----- Given material -----

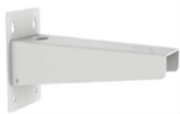
DS-1701ZJ/HWB Wall Mount Bracket
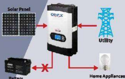
without battery status
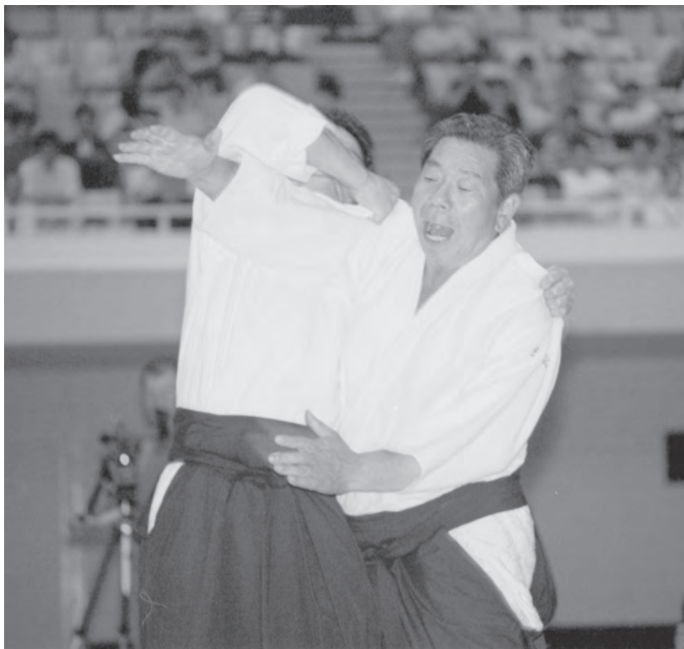
全日本合気道演武大会にて 1992年 受け：斉藤仁弘師範 Performing at All-Japan Aikido Demonstration; uke: Hitohiro Saito, 6th dan, 1992

-----

[Problem] Pictures are not part of the copy; transcribe the rest of the data verbatim.

[Reply to the task]
DS-1701ZJ/HWB Wall Mount Bracket
without battery status
全日本合気道演武大会にて 1992年 受け：斉藤仁弘師範 Performing at All-Japan Aikido Demonstration; uke: Hitohiro Saito, 6th dan, 1992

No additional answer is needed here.